Friday, September 23, 2011

talk of a strike at our university has everyone wondering and dredging up memories of growing up in an uncertain world; the father of my director, i thought i heard her say, was an air traffic controller, and another colleague's father's company went down with a strike forcing him and a family that depended on him to move to new jersey. i myself didn't grow up in a union family, or even one that felt strongly, as my father was a chemical engineer, but i grew up in towns like pittsburgh pennsylvania where everyone had memories of bitter and violent labor action in which people died and nobody could ever forgive or forget the evil owners. in coal and steel country strikes were always violent, always terrible, left bitterness for generations and the best thing to do was to just pack up and get out.

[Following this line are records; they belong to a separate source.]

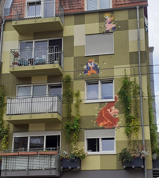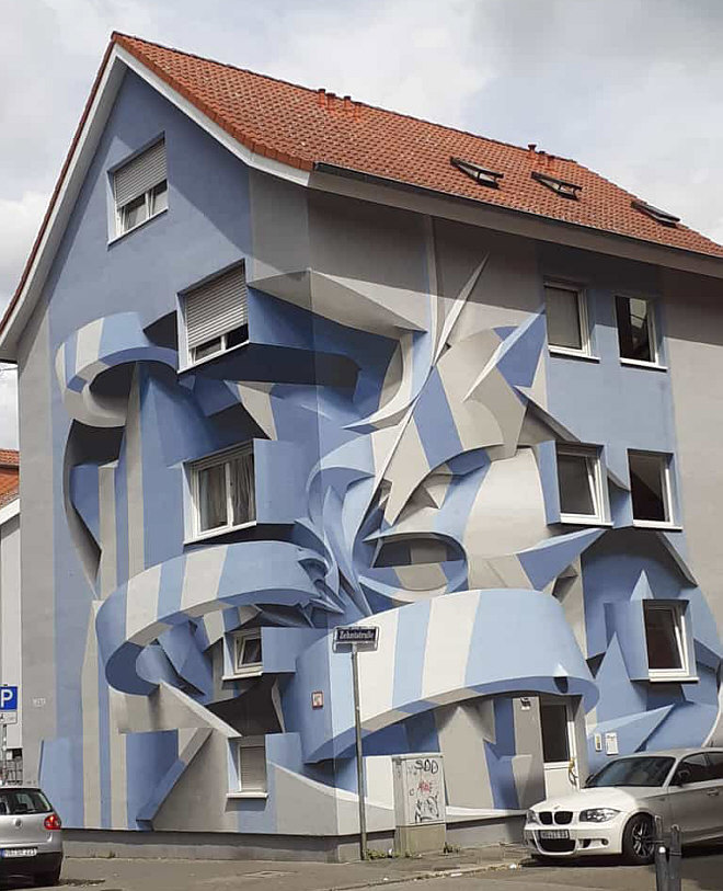 Initiator Feuerwache Mannheim Die macht was ? Diese stellt den Kontakt zu den Künstlern her, rekrutiert Sponsoren für die Farben und Hebebühnen etc. und sorgt für die entsprechenden nutzbaren Flächen. Und dann ? Es gibt, über das Stadtmarketing, mehrere Touren. Eine ist z.B. ca. 4 km lang ... zu Fuß in etwa zwei Stunden. Um was gehts denn ? Um die folgenden Häuser, die bei so einer Tour besucht werden können. Satu war dabei und hat Bilder mitgebracht: 1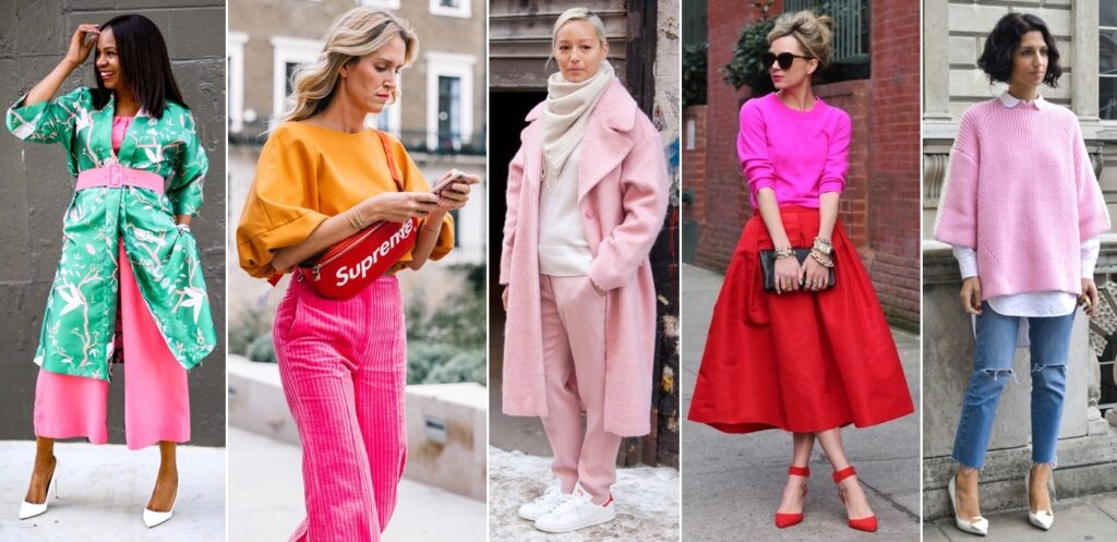 Różowy kolor doskonale komponuje się z neutralnymi odcieniami, takimi jak biały i szary. Biała bluzka zestawiona z różową spódnicą czy szarym płaszczem to perfekcyjne połączenie na co dzień. Neutralne tło umożliwia różowi zaistnienie i podkreślenie jego delikatności, równocześnie nadając stylizacji elegancki charakter. Warto bawić się teksturami, np. zestawiać gładkie tkaniny z koronkami, co doda głębi każdej stylizacji.
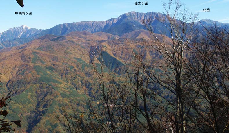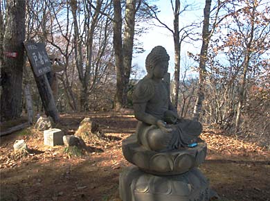 西峰から10分ちょっと歩くと石仏のある東峰に出ました↑。東側正面は南アルプスの仙丈ヶ岳です。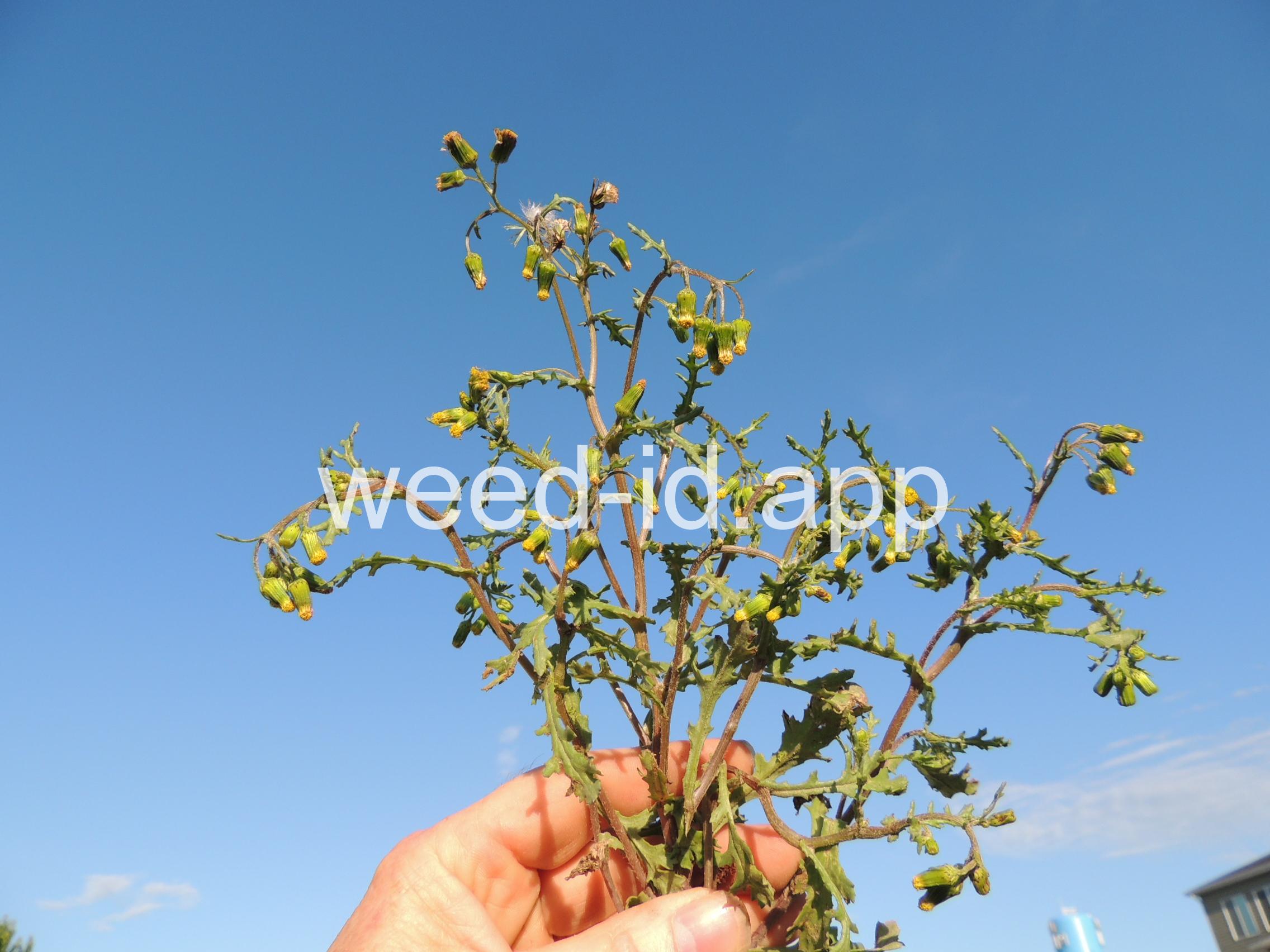 A common annual weed of disturbed sites. The leaves are pinnately lobed, and the small heads of yellow flowers are without ray flowers. The bracts immediately beneath the heads display the small, black tips which are typical of the genus. This species is more toxic to horses than tansy ragwort (Senecio jacobaea) but is seldom consumed in large quantities due to the small stature of the plants.

they send these armed guards down the river in a barge, this was 1892, and they shoot at the steelworkers on the banks and take over the mill and this image hovers over the city for like eighty years and is still there when i show up, but now it's being played out in caricature, because faculty at our university are derided as spoiled public employees in a world where they are the only ones left with health insurance. and the cost-cutters who wield a mean knife from the top see health insurance as well as unions, as something to be gotten rid of. so we can say the barge is on its way down the river and the best thing i can think of is to say, all of a sudden, i have problems in the family and have to head out to the chihuahua desert for a spell to be with the folks. and maybe this story makes sense since it really is my turn and my brothers and sister, all have taken theirs recently; i wouldn't, in fact, be lying.

the president of the university is a scrapper, involved in the electrical and plumbing unions at one time, was asked to serve in the state senate and did, but this was at a time when he was trying to finish his degree, so he plagiarized part of his thesis on his way out the door and then went on to have a successful political career although the cook county contingent wasn't quite enthusiastic about his candidacy and he lost a big election for governor. nevertheless governors go to prison in this state anyway so it was just as well, and he ended up president of the university, so it was all water under the bridge, except that in an earlier union dispute some union members found his dissertation and exposed him, which put him in a fighting mood and now he doesn't care for the faculty union much and this shows in the nasty turns the negotiation has taken; it's almost like he considers his own union background to be genuine, yet has no respect for faculty as working people of the same status, and even has a grudge to pile on it. this is what a neutral observer would say upon wondering why an ordinary negotiation could take so many turns toward the nasty and toward inexplicable and unreasonable hostility. is it because we're in coal country? with towns like pittsburg and our own which has a name, most directly translated, of "coal town"...does that explain why everyone would rather fight than reason? don't know, but the barge is coming down the river.

autumnal equinox came through, and a cooling rain, and a fall fog, a fog hanging low on the fields out in the hills where we had a faculty retreat out by a golf course and some million-dollar homes that, the best i can figure, aren't getting much business. the first of the fallen leaves hang wet on the ground and wait for the fall dryness to relieve them of their dead weight so they can blow around and become next year's mulch. i don't see the deer but there's plenty of evidence that they've been enjoying what's left of my garden which i could also say, needs a lot more of my attention. it's a time of year when i should be making excuses to go stand out there, get a little bit more of that clear fresh air, the sunlight, the fresh feeling of leaves above, about ready to set sail and drift. my thoughts go to living without insurance, without income, driftless, as if the new world depression settled in and left me completely without work, without identity, home, family. reason enough, maybe, to vote against a strike. or better yet, reason enough to get online, develop another income, start looking for other horizons...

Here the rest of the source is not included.